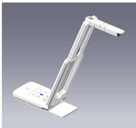
MX-P 本体(使用時のアームを伸ばした状態)
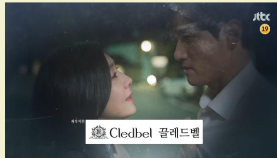
JTBC 부부의세계 - 플레드벨
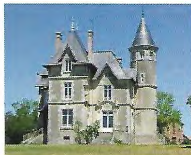
Le Domaine de Brédurière

Avec 30 participants notre club était le mieux représenté... C'est bien parti pour le challenge 2009 et il reste encore vingt randonnées pour conforter cette première place !
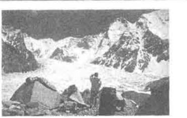
ガッシャーブルムBC

ただ仲間が集まって山へ行 くだけでなく、登山運動と して多くの仲間を増やし、 安全で豊かな山行を繰り返 せる様願っています。 自然保護担当者会議 で近畿が会議 近畿担当者会議 1月15日に近畿ブロック 自然保護担当者会議が京都 で行われた。京都・大阪・ 兵庫・滋賀・奈良・和歌山 から担当者が出席した。 議題は自然保護憲章制定 中間報告の分析と論議。全 国連盟から自然保護委員長 が出席して説明をした。
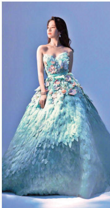
▲劉亦菲展現迪士尼公主的風采。
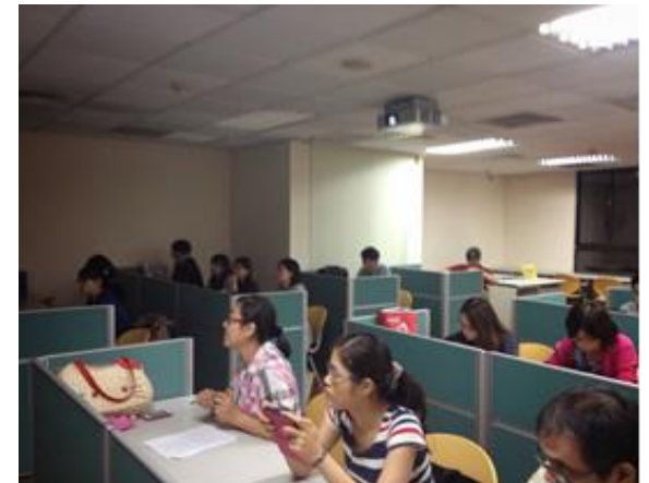
圖 10-研究生電子資源利用教育
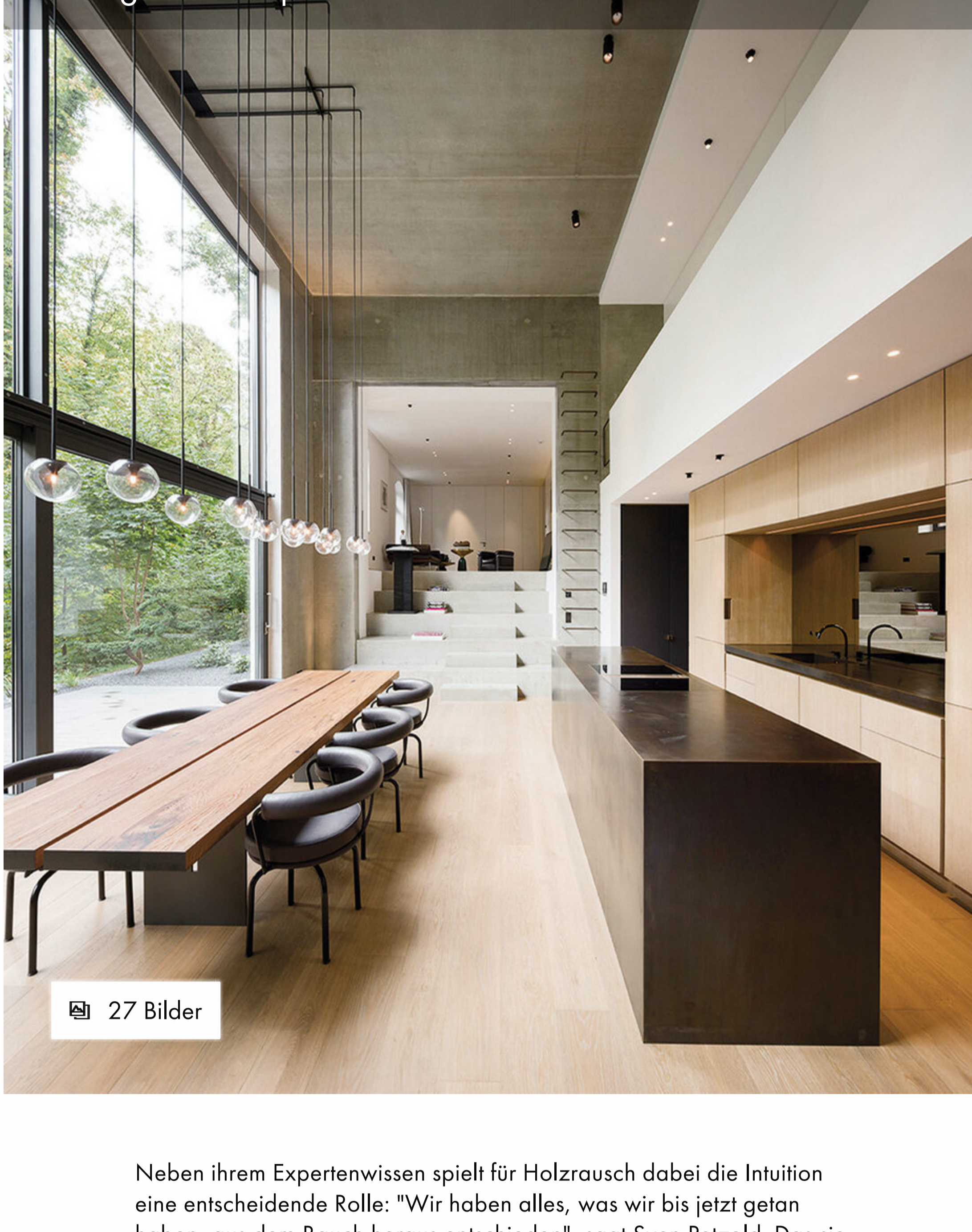
Bildergalerie Projekte Holzrausch
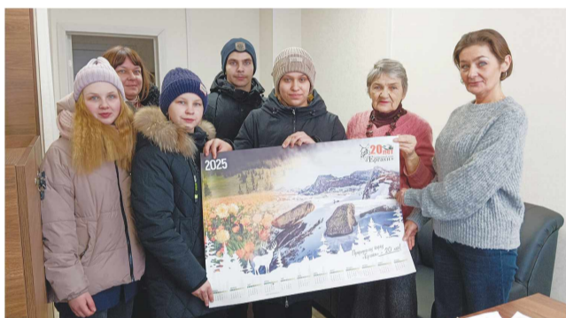
Редакция общественно-политической газеты НИВА
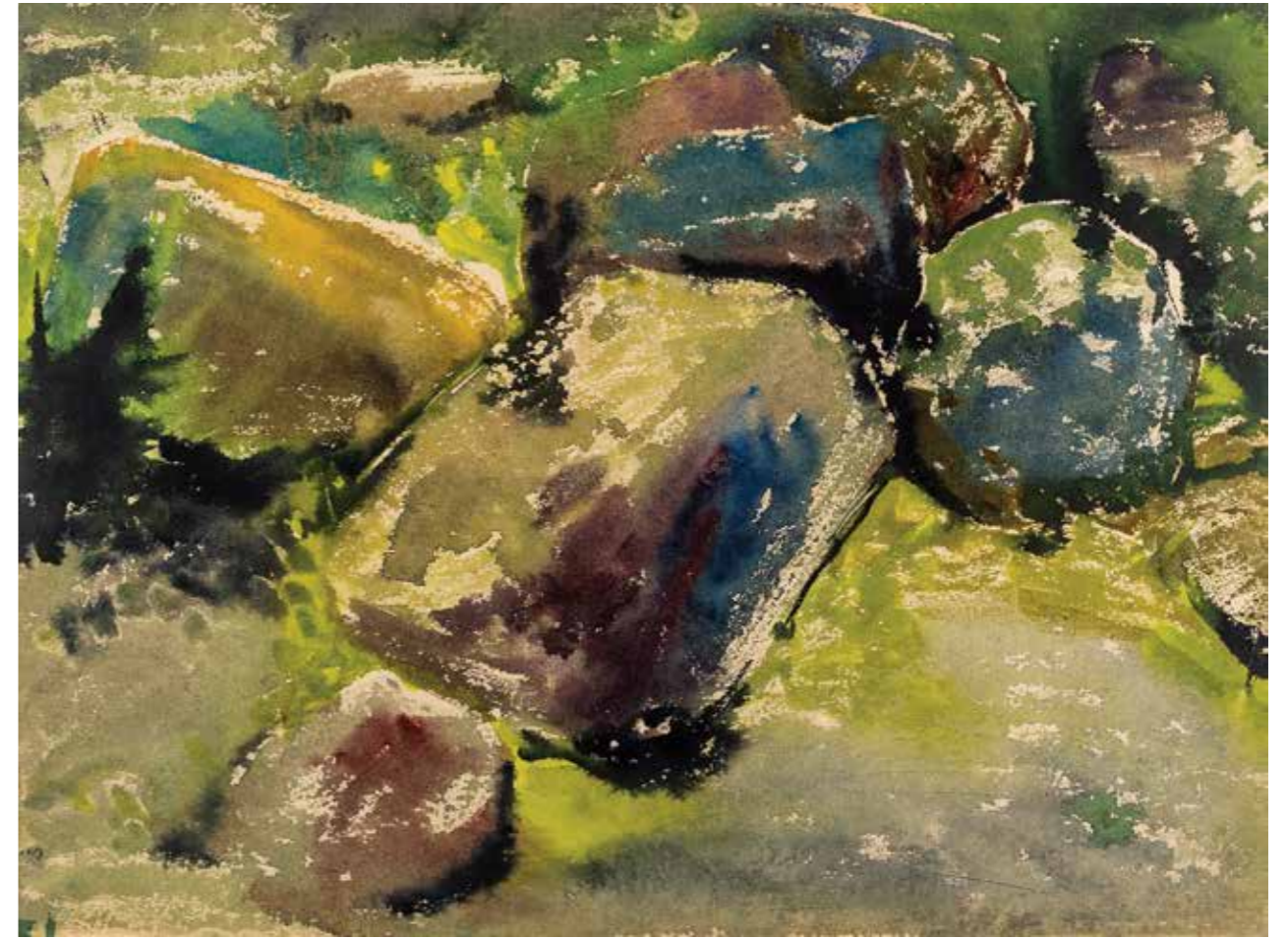
52 | Серія «Карпати», 1965 р. Папір, акварель. 31,5×35,5 "Carpathians" series, 1965. Paper, watercolor
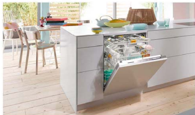
Geschirrspüler CH 55 / Euro 60 passend zu Ihrer Küche
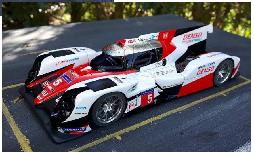
LRD International 1
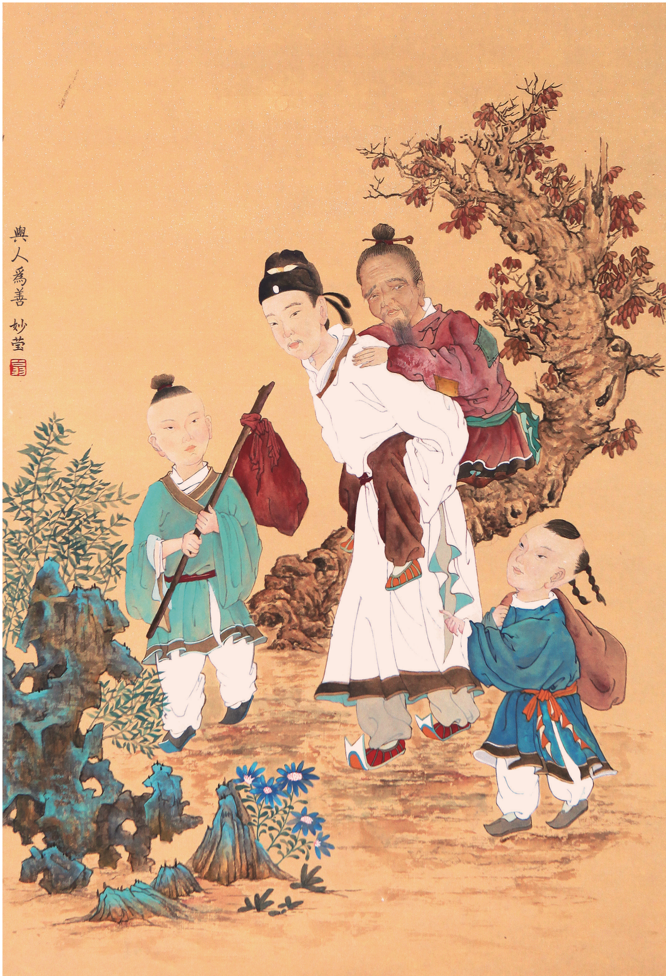
《与人为善》 翁妙莹 作
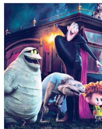
PERSONAJES QUE SERÁN PARTE DE LA FIESTA.

Con el propósito de estimular la creatividad y diversión de nuestros niños, EL DIARIO, en Halloween 2015, presentará la novedosa propuesta de una toma de fotografías con los principales personajes de "Hotel Transylvania 2".
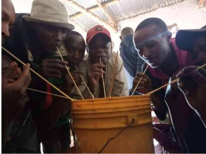
Partage de la bière locale à base d'éleusine
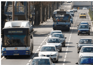
Os TUB faturaram no ano passado 7,2 milhões de euros

TRANSPORTES No último ano, os autocarros dos Transportes Urbanos de Braga (TUB) transportaram 12,4 milhões de pessoas, mais cerca de 500 mil do que em 2018. Trata-se de um crescimento de 3,99% no número de passageiros, que resultou na venda de 6,5 milhões de euros em títulos. Incluindo os alugueres das viaturas, os TUB faturaram 7,2 milhões de euros, o que contribuiu para acabar o ano com um resultado líquido de quase 54 mil euros.
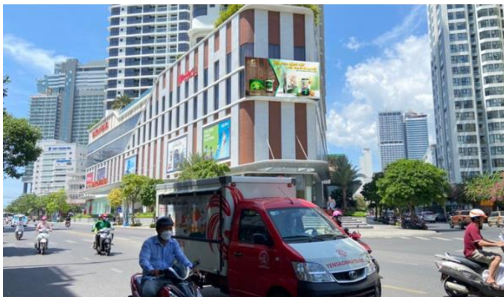
Tặng Thời Gian Quảng Cáo
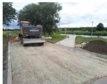
Prace budowlane przy odcinku ciągu pieszo - jezdnego

Przeprowadzenie inwestycji jest możliwe dzięki środkom zewnętrznym pozyskanym przez Gminę Wieleń w ramach poddziałania „Wsparcie na wdrażanie operacji w ramach strategii rozwoju lokalnego kierowanego przez społeczność” w ramach działania „Wsparcie dla rozwoju lokalnego w ramach inicjatywy LEADER” objętego
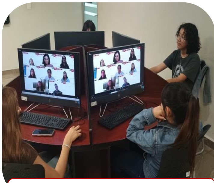
12 de septiembre Conferencia Virtual para mujeres en STEM
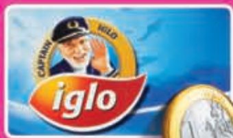
Iglo vissticks uit het vriesvak pak 10 stuks 1,99
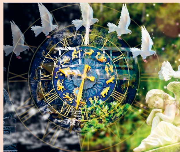
Leben und Tod – Anfang und Ende – Alpha und Omega – Geburt und Sterben – Werden und Vergehen
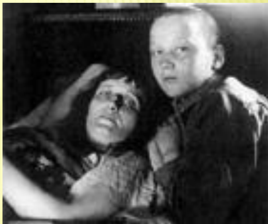
А.Ахматова с сыном.
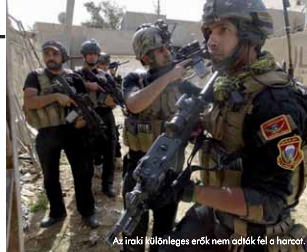
Az iraki különleges erők nem adták fel a harcot.

Nehezen várható a jelen helyzetben, hogy az ENSZ megegyezzen egy határozott erőt képviselő szervezettel (ilyen lehet például a NATO) az ismételt iraki fegyveres beavatkozásról, amely
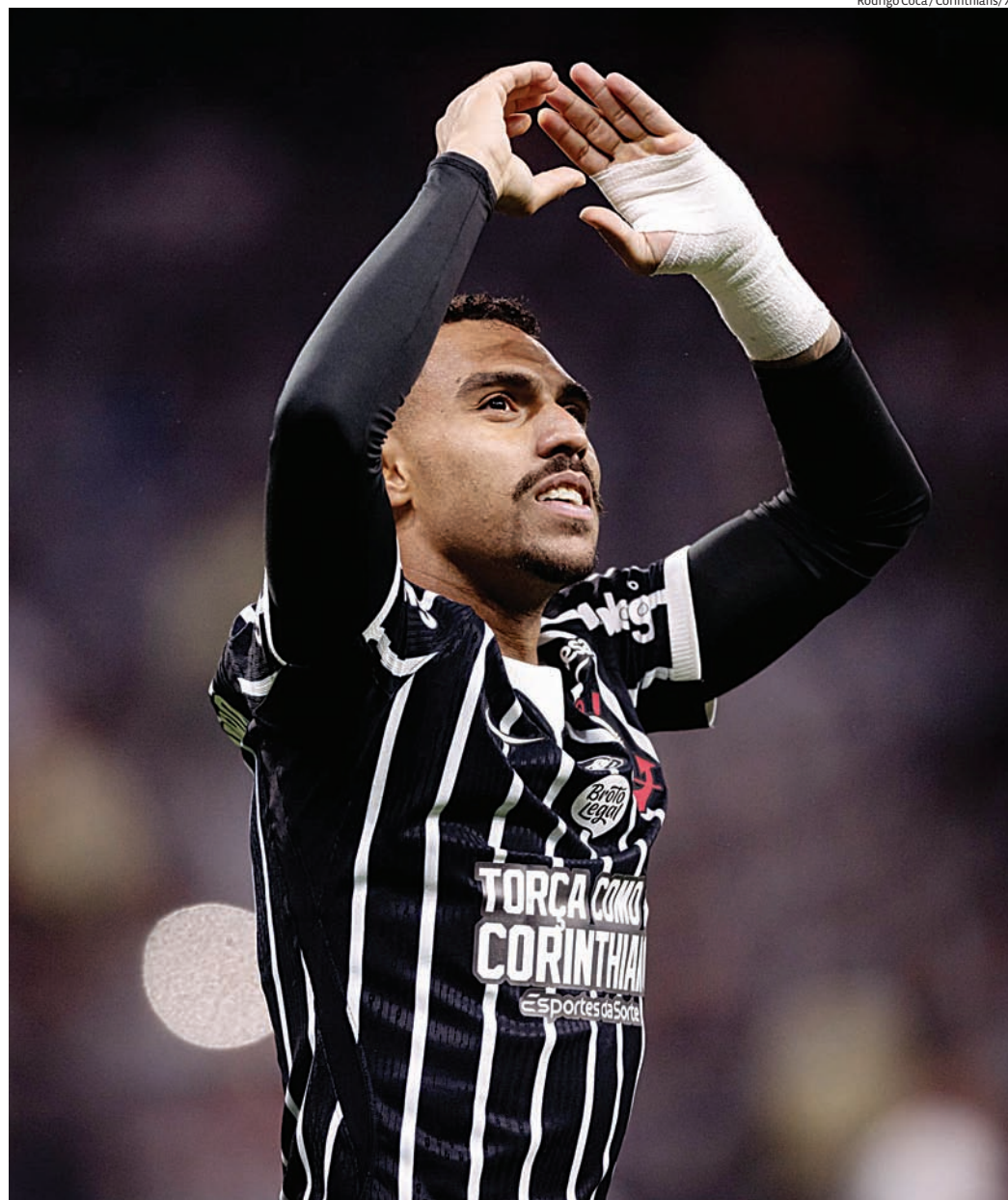
No confronto de ida, disputado em Santa Catarina, o Corinthians conquistou vantagem e agora joga em casa

A partida terá transmissão da Amazon Prime Video. Além da vaga na próxima fase, o confronto vale premiação milionária, considerada importante para o planejamento financeiro dos dois clubes ao longo do ano.

====================

The lines that contain the word "confronto" are wanted; copy each of them from the records.

Task output:
No confronto de ida, disputado em Santa Catarina, o Corinthians conquistou vantagem e agora joga em casa
A partida terá transmissão da Amazon Prime Video. Além da vaga na próxima fase, o confronto vale premiação milionária, considerada importante para o planejamento financeiro dos dois clubes ao longo do ano.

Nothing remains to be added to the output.